Over the years the art community in our province has admired Diamond’s paintings on many exhibitions that took place in Durban.  These include the Art – South Africa – Today shows which were held once every two years at the Durban Art Gallery from the 1960s up until the last one in 1975.     His works were represented on  nearly all the other  important KZN exhibitions, too.    These included the touring Jabulisa - the Art and Craft of Kwa Zulu-Natal shows and the Natal Biennale exhibitions.     Whenever we heard that Diamond was going to hold a solo  exhibition  -  generally on view at the KZNSA  gallery here, in Durban-  there was mounting excitement because we knew that we would be attending an exhibition of the highest artistic calibre. 

Very few people know about another part of Diamond’s creativity which is his dedication to museums.     In this regard I think he would have made a curator par excellence.   Always generous in his assistance to an artistic cause, he  was a prime mover in the establishment of two museums  in KZN:  the Teach Museum -  short for  The Empangeni Arts and Cultural History Museum  -   (now simply known as  the Empangeni Museum)  -  and the Vukani Museum in Eshowe which is renowned worldwide for its collections of Zulu arts and crafts.   I regard Diamond as a true museum person in his professional commitment to establishing high museological standards in both those two museums.   I think back to the meeting way back in the 1980s   that Diamond requested the Durban Art Gallery to host for him so that he could familiarize himself with major aspects of running museums.   What an enjoyable and memorable day we had!   Diamond had spent hours preparing detailed questions for us to answer on a wide range of museum functions and activities:   How do you store museum collections?   What is the best and safest way to display works of art in public spaces?   How do you record museum collections?    How do you care for works of art in a sub-tropical climate?  How do you establish Boards of Trustees to ensure and monitor the effective running of museums?   The questions came thick and fast from early in the morning when he arrived until late that afternoon.   When we broke for lunch, his excitement was tangible; it bubbled over and we realized that he could hardly wait for the establishment of his  two new museums.     And we had no doubt whatsoever that, virtually single handed,  his plans to establish them would  succeed.   Today they stand as monuments to his creative enterprise and foresight.   And still, to this very day, Diamond serves as an advisor on the museum committees of both these institutions.   As a member of numerous art and exhibition committees over the years he brings qualities of dedication, wide knowledge of his subject, reliability and imagination.   He was an asset on all such committees and a pleasure and great fun to work with.

Diamond is  skilled both  as a sensitive watercolourist who captures exquisite aspects of the Zululand landscape, which are often the sites of past historical events, as well as  a marvelous painter in oils.   Indeed, I bought a number of his beautiful works for the permanent collection of the Durban Art Gallery.   

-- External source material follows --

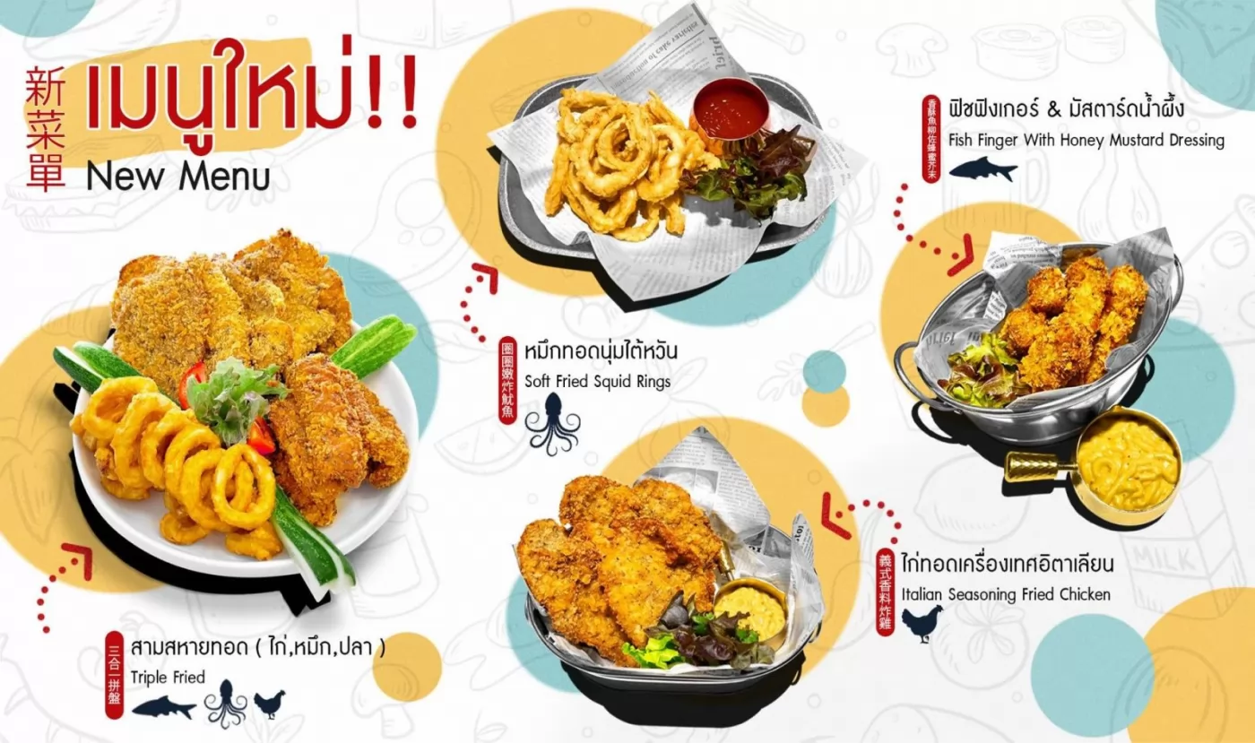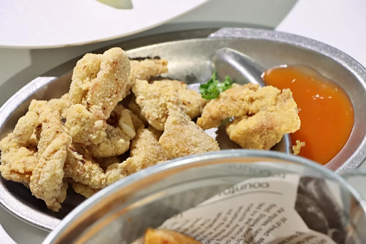 炸雞—西式的義式香料炸雞、圈圈嫩炸魷魚、香酥魚柳佐蜂密芥末。

For me Diamond is the definitive painter of the sugar cane fields of the KwaZulu- Natal North Coast.   He has made this subject completely his own by focusing on the description of this particular aspect of landscape in our province.   Until his sugarcane field paintings burst onto the artistic scene, perhaps   many of us had taken this subject   for granted, never seeing beyond an all too familiar sight.  When I look at cane fields now I always see them through Diamond’s eyes.   As a supreme painter he captures a purely agricultural scene  and then transforms it into a  romantic  saga.  You can almost hear the gentle coastal winds whispering through his fields of cane.   You marvel at how he has changed an ‘ordinary’ subject into a timeless statement.  Though titled Cane Cutting Eshowe  (1990),  this oil painting is un-peopled and focuses not on the cutters, but instead on the cane fields themselves and on the swirling skies above.    For me, Diamond Bozas has immortalized this part of the landscape of our province through his majestic paintings of the sugarcane fields of KwaZulu-Natal.